Just about everybody who's tackled the kit agrees on one point, though: the rigging instructions that come with it are a disgrace. As I've noted in that other thread, the people who designed it apparently were enormously talented artisans whose understanding of real seventeenth-century ships was at best extremely sketchy - and the kit shows it. The most glaring example: it provides no means of fastening the yards to the masts.

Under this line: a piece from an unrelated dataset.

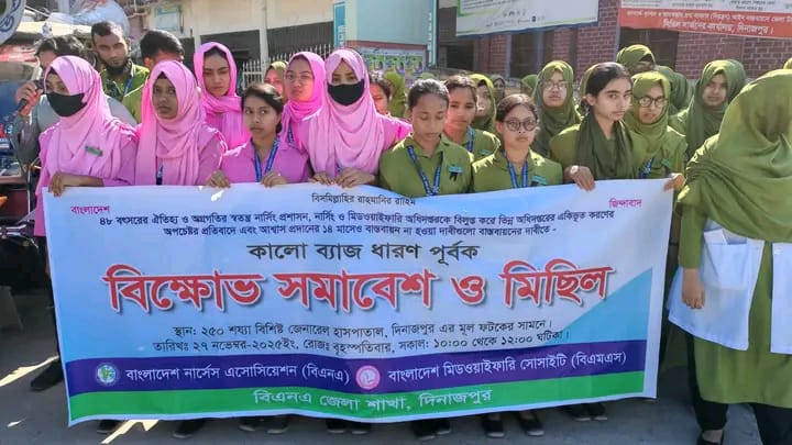 বৃহস্পতিবার সকালে দিনাজপুর মেডিকেল কলেজ হাসপাতালের সামনের সড়কে ঘন্টাব্যাপী মানববন্ধন অনুষ্ঠিত হয়। এর আগে নার্সরা বিক্ষোভ মিছিল বের করেন। একই দাবিতে ২৫০ শয্যা বিশিষ্ট জেনারেল হাসপাতালের সামনের সড়কেও মানববন্ধন কর্মসূচি পালিত হয়েছে।

Fortunately help is available elsewhere. Anybody undertaking this kit - or any other seventeenth-century warship modeling project - would be extremely well advised to acquire a copy of Dr. R.C. Anderson's book, The Rigging of Ships in the Days of the Spritsail Topmast. The rather arcane-sounding title notwithstanding, it's a step-by-step guide to rigging a ship model - with notes about the variations in practice from decade to decade and from country to country. The book was originally published in the 1920s, and the modeling hints in it are sometimes a little dated. (And Dr. Anderson, obviously, never heard of a plastic kit.) But the information about how rigging works is just as valid now as it ever was.
The book is available in a very reasonably-priced paperback edition; sources include Model Expo, Amazon, and Barnes and Noble. I picked up a used copy a year or so ago for about eight dollars. That's money very well spent.
Hope that helps a little. Good luck.
Youth, talent, hard work, and enthusiasm are no match for old age and treachery.